Is Eq. 12 for min GBP with a Butterworth response correct in sboa122.pdf?

Example, required:

Transimpedance is 1800 V/A, Frequency at -3 dB is 200k, Cin = 10 pF.

Compute the circuit values:

The feedback resistor is 1800 Ohm, the feedback capacitor is 430 pF.

According eq. 12:

GBP = 2 * pi * 200 kHz^2 * 1800 * 10 pF = 4500 Hz

• Hello Dmil,

This equation is an estimate of the required gain bandwidth product for a TIA to achieve a closed loop bandwidth with a Butterworth response or with Q = 0.707 (phase margin of 65 degrees) or maximally flat pass-band.

A full transfer function of a TIA can be found which would give an exact number/relationship at different qualify factors, but equation 12 is a good way to quickly and efficiently estimate the needed GBP for any given TIA requirements.

We have a TIA calculator that can give the above and also give you the reverse which is maximum closed loop bandwidth from a given amplifiers GBP. It can be found at this link: https://e2e.ti.com/support/amplifiers-group/amplifiers/f/amplifiers-forum/956151/faq-transimpedance-amplifier-calculator

Thank you,

Sima

• Hello Sima,

Could you give an example how to use this equation if a bandwidth of a TIA is specified?

Also, your calculator looks strange. I do not see how to compute TIA component values to get desired input parameters.

And when I entered known values I got a strange result, see the picture. Thank you,

Dmil

• Hello Dmil,

It looks like it is computing too small of a GBP for the calculator. If you increase to 0.3MHz for the closed loop bandwidth, you will see 0.01MHz GBP which is the smallest value this calculator can compute.

The calculator does not compute input TIA parameters. but It is possible to back-calculate for these values with the equation.

Thank you,

Sima

• Hello Sima,

It is clear that GBP of 10 kHz is incorrect value for a TIA with 300 kHz bandwidth.

Best regards,

Dmitriy

• Hi Dmitriy,

What is happening with your case is that your bandwidth is low enough and the input capacitance is small enough that we actually need a Cf larger than Cin to compensate the circuit to 200kHz bandwidth.

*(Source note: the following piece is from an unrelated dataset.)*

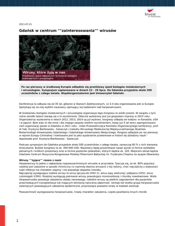 2011-07-21 Gdańsk w centrum ""zainteresowania"" wirusów Po raz pierwszy w środkowej Europie odbędzie się prestiżowy zjazd biologów molekularnych i wirusologów. Sympozjum zaplanowano w dniach 22 - 29 lipca. Do Gdańska przyjedzie około 500 uczestników z całego świata. Współorganizatorem jest Uniwersytet Gdański. Konferencja ta odbywa się od 35 lat, głównie w Stanach Zjednoczonych, co 3-4 lata organizowana jest w Europie. Spotykają się na niej wybitni naukowcy zajmujący się badaniami nad herpeswirusami. W środowisku biologów molekularnych i wirusologów organizacja tego kongresu to wielki prestiż. W związku z tym rożne ośrodki latami starają się o to wyróżnienie. Obecnie wybierany jest już gospodarz imprezy w 2015 roku. Organizatorzy wydarzenia w latach 2012, 2013, 2014 są już wybrani, kongresy odbędą sie kolejno: w Kanadzie, USA i w Japonii. Było więc to dla mnie i dla mojego zespołu wielkim wyróżnieniem, kiedy już 5 lat temu zaproponowano nam organizację zjazdu w Gdańsku w 2011 roku - mówi Przewodnicząca Komitetu Organizacyjnego konferencji, prof. dr hab. Krystyna Bieńkowska - Szewczyk z katedry Wirusologii Molekularnej Międzyuczelnianego Wydziału Biotechnologii Uniwersytetu Gdańskiego i Gdańskiego Uniwersytetu Medycznego. Kongres odbędzie po raz pierwszy w rejonie Europy Centralnej i traktowane jest to jako wydarzenie przełomowe w historii tej dziedziny nauki dopowiada prof. Krystyna Bieńkowska - Szewczyk. Podczas sympozjum do Gdańska przyjedzie około 500 uczestników z całego świata, zazwyczaj 60 % z nich stanowią Amerykanie. Budżet kongresu to ok. 450 000 USD. Naukowcy będą prezentować swoje wyniki w formie wykładów plenarnych i krótkich prezentacji oraz w formie posterów (plakatów), których będzie ok. 320. Miejscem obrad będzie Gdańskie Centrum Muzyczno-Kongresowe Polskiej Filharmonii Bałtyckiej im. Fryderyka Chopina na wyspie Ołowianka. Wirusy ""żyjące"" razem z nami Herpeswirusy to jedne z najbardziej rozpowszechnionych wirusów w przyrodzie. Szacuje się, że ok. 80% populacji ludzkiej jest zakażone w sposób chroniczny co najmniej dwoma wirusami z tej rodziny, choć najczęściej u większości ludzi infekcja ma charakter utajony i nie powoduje objawów choroby. Najczęściej występujące ludzkie wirusy to wirus opryszczki (HSV-1), wirus ospy wietrznej i półpaśca (VZV), wirus cytomegalii (CMV). Rzadziej występują pokrewne wirusy powodujące mononukleozę i choroby nowotworowe. Wiele herpeswirusów powoduje zakażenia układu nerwowego, niektóre wirusy są wielkim zagrożeniem dla pacjentów przechodzących transplantacje lub mających obniżoną naturalną odporność. Istnieje też wielka grupa herpeswirusów zwierzęcych powodujących zakażenia epidemiczne, przynoszące poważne straty w hodowli zwierząt. Powszechność występowania herpeswirusów, trwały charakter zakażenia, częste powikłania innych chorób 1 spowodowane przez aktywację zakażenia wirusowego w czasie obniżenia odporności powodują, że na całym świecie tysiące naukowców pracuje nad wyjaśnieniem mechanizmów funkcjonowania tych wirusów, przebiegu zakażenia, reakcji immunologicznej wywoływanej przez infekcję oraz nad poszukiwaniem leków i opracowywaniem szczepionek przeciw herpeswirusom. W ciągu ostatnich dziesięcioleci osiągnięto ogromny postęp w badaniach nad herpeswirusami, opracowano nowe leki (np. acyklovir przeciw wirusowi opryszczki), wprowadzono do powszechnego użytku szczepionkę przeciwko ospie wietrznej, a ostatnio przeciwko półpaścowi. Trwają też intensywne prace nad zastosowaniem zmodyfikowanych, nieaktywnych wirusów m.in. w terapii nowotworów mózgu. Autor MW 2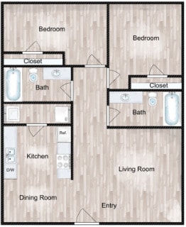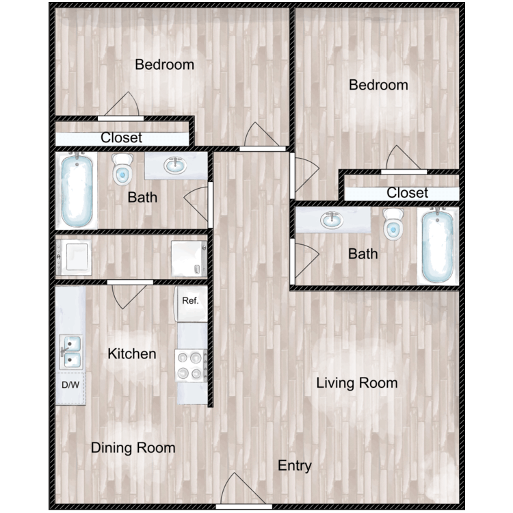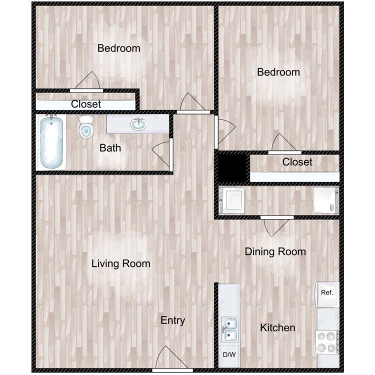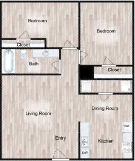 2 Beds, 1 Bath, 770-842 sq ftAvailable NowModel Gallery

Unfortunately that confuses the calculations in the spreadsheet which is why you are getting strange results.

For your case you can start with an amplifier that is just greater than your target bandwidth. However, the amplifier's input capacitance will add to your total input capacitance which may change the equation slightly. I would suggest simulating in SPICE to verify the circuit bandwidth. \

Regards,

Jacob

• Hi Jacob,

The situation when Cf is larger than Cin is common.

I think, some changes should be done in sboa122 and the calculator.

Best regards,

Dmil

• Hi Dmil,

Thank you for the feedback, we will work to add this case to the calculator.

Best,

Jacob